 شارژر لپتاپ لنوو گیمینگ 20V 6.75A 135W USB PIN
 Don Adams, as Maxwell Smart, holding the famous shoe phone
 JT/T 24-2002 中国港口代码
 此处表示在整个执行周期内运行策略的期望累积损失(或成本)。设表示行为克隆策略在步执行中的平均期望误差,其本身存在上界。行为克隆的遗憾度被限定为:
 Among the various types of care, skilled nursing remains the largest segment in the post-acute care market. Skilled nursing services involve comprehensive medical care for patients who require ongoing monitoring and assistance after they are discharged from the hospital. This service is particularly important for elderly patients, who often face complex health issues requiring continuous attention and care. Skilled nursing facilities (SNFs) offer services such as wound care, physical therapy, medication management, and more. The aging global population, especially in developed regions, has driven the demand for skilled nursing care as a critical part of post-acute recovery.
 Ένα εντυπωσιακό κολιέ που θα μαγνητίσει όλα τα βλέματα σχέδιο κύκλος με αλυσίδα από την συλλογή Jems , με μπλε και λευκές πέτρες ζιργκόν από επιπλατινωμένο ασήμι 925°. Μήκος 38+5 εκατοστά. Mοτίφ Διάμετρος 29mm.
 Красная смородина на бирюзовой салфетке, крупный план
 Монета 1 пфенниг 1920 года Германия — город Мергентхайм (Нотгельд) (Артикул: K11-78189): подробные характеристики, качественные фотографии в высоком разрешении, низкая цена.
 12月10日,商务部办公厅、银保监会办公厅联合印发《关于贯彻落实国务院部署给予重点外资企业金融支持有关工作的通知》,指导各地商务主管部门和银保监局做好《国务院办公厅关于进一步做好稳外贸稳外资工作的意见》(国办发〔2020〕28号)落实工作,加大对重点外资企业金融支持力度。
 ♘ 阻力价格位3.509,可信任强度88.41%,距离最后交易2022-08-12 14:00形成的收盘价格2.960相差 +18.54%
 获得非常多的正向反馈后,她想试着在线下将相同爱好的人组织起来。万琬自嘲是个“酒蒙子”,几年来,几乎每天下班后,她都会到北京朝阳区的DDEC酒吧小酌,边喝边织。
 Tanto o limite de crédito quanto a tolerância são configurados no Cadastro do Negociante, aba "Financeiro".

▬▬▬

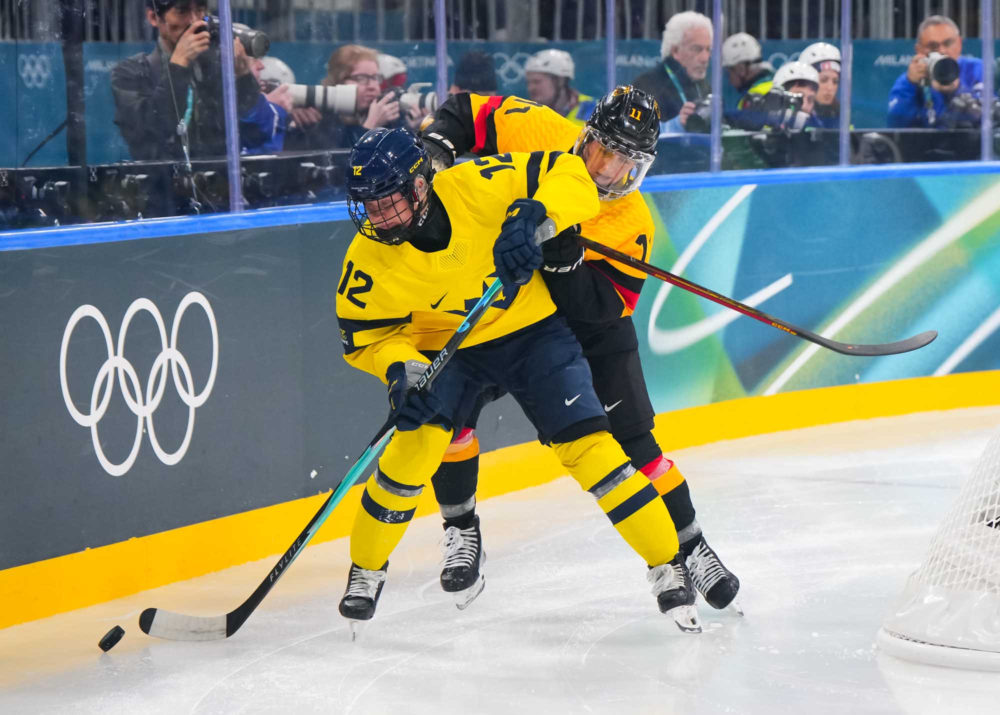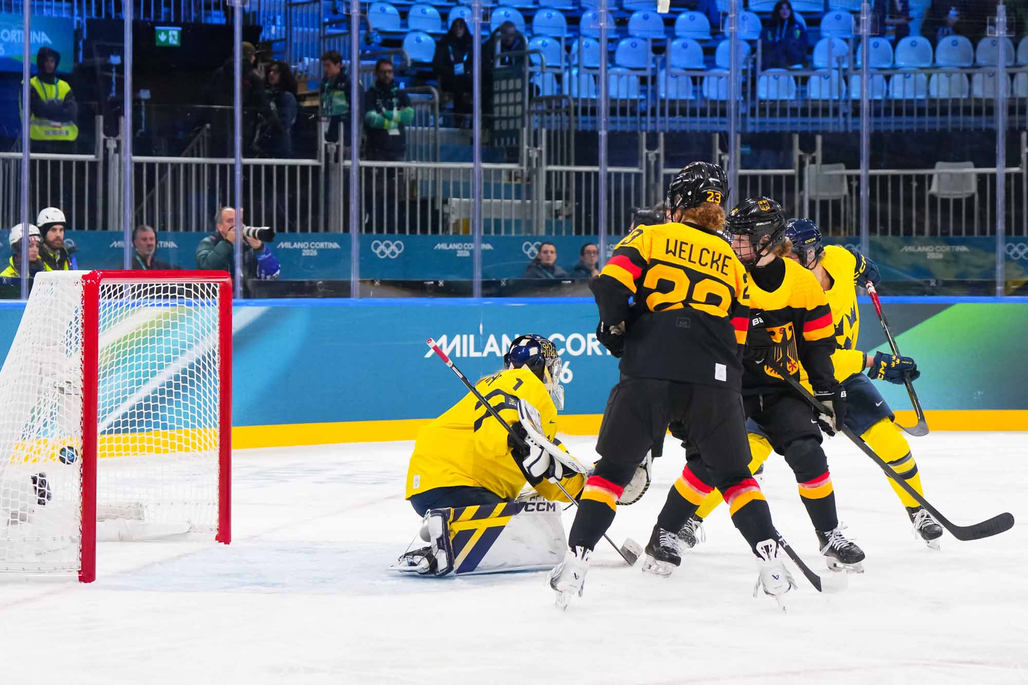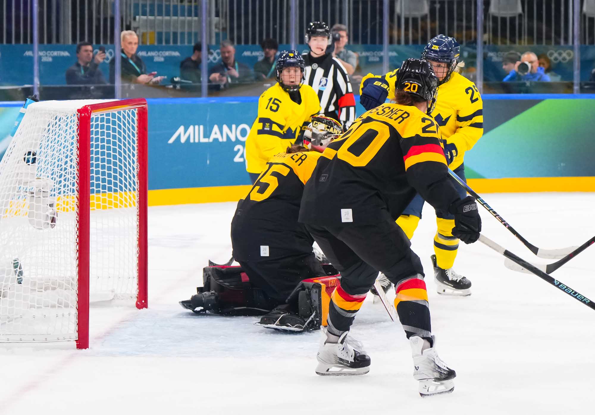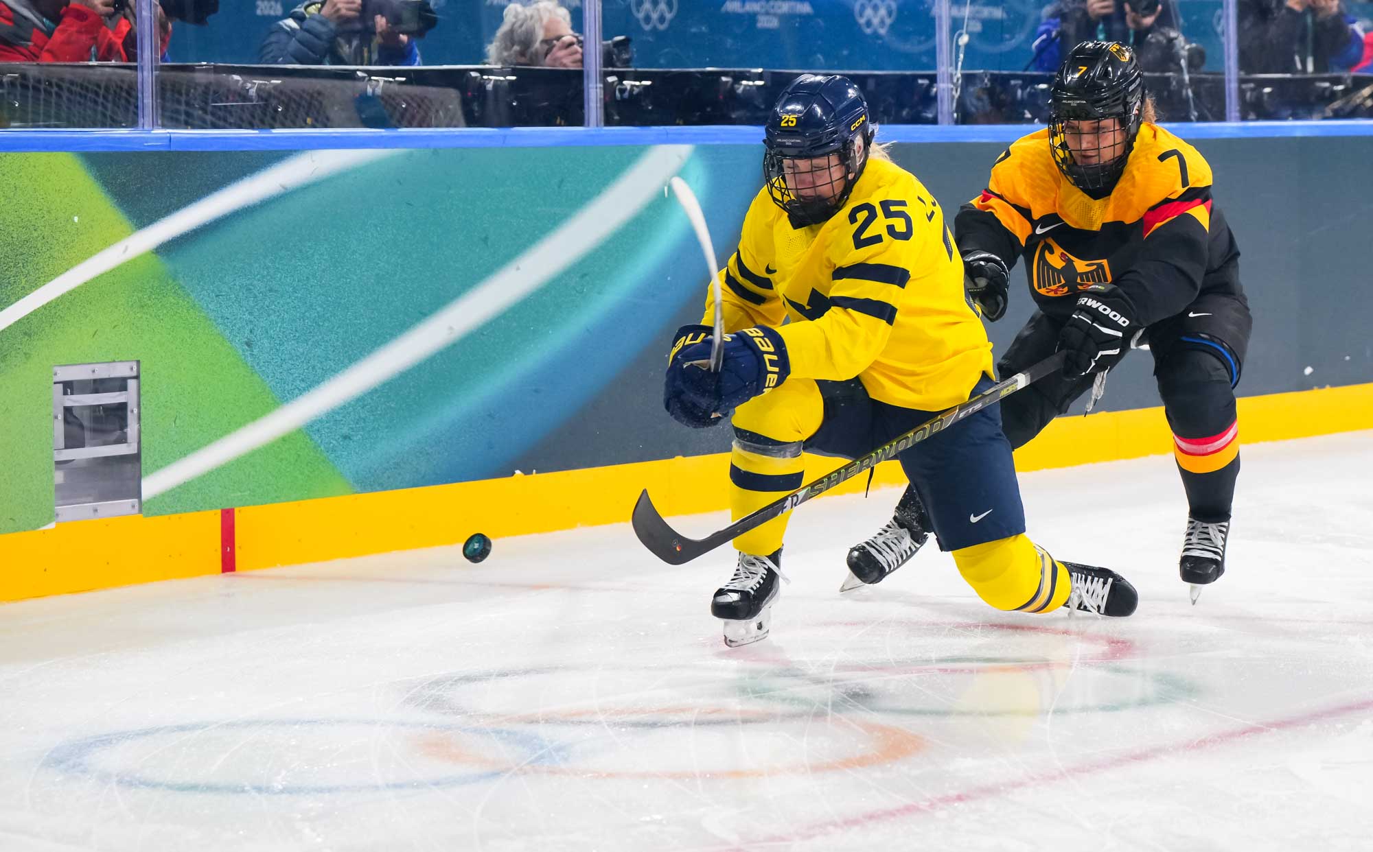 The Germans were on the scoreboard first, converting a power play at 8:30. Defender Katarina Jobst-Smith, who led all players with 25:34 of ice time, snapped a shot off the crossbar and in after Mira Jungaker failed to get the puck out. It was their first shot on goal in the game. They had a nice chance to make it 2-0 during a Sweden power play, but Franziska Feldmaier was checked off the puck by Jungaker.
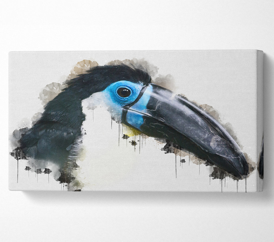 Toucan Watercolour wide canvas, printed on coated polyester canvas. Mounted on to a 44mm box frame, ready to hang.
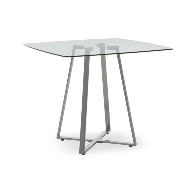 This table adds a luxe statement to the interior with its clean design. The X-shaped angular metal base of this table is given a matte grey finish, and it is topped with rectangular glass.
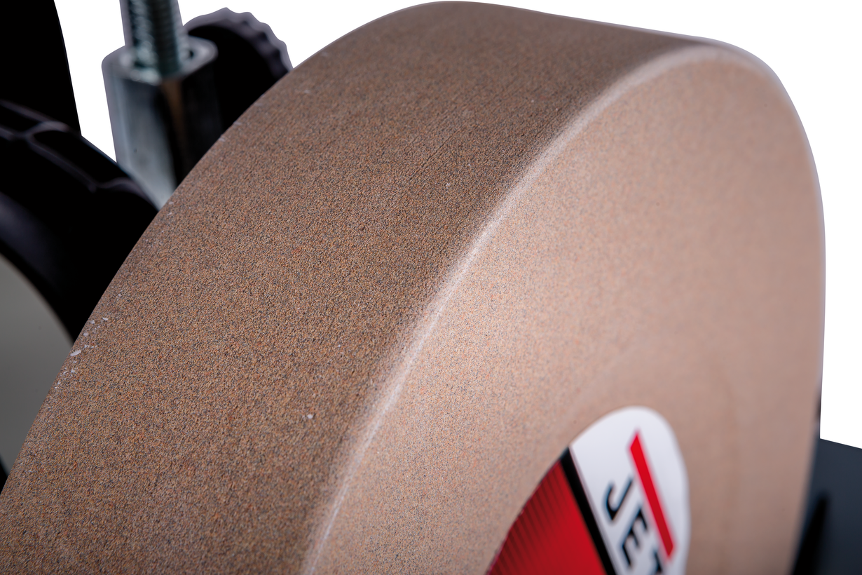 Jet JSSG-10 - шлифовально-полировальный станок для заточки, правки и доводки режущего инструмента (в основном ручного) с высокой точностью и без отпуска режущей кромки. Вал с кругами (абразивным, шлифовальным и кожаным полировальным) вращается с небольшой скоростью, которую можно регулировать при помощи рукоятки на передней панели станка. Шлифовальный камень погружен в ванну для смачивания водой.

▬▬▬

## EXERCISE PROMPT
Look through the entries above and quote exactly the lines from the line with "شارژر لپتاپ لنوو" to the line with "此处表示在整个执行周期内运行", counting both of those lines.

## WRITTEN RESPONSE
 شارژر لپتاپ لنوو گیمینگ 20V 6.75A 135W USB PIN
 Don Adams, as Maxwell Smart, holding the famous shoe phone
 JT/T 24-2002 中国港口代码
 此处表示在整个执行周期内运行策略的期望累积损失(或成本)。设表示行为克隆策略在步执行中的平均期望误差,其本身存在上界。行为克隆的遗憾度被限定为:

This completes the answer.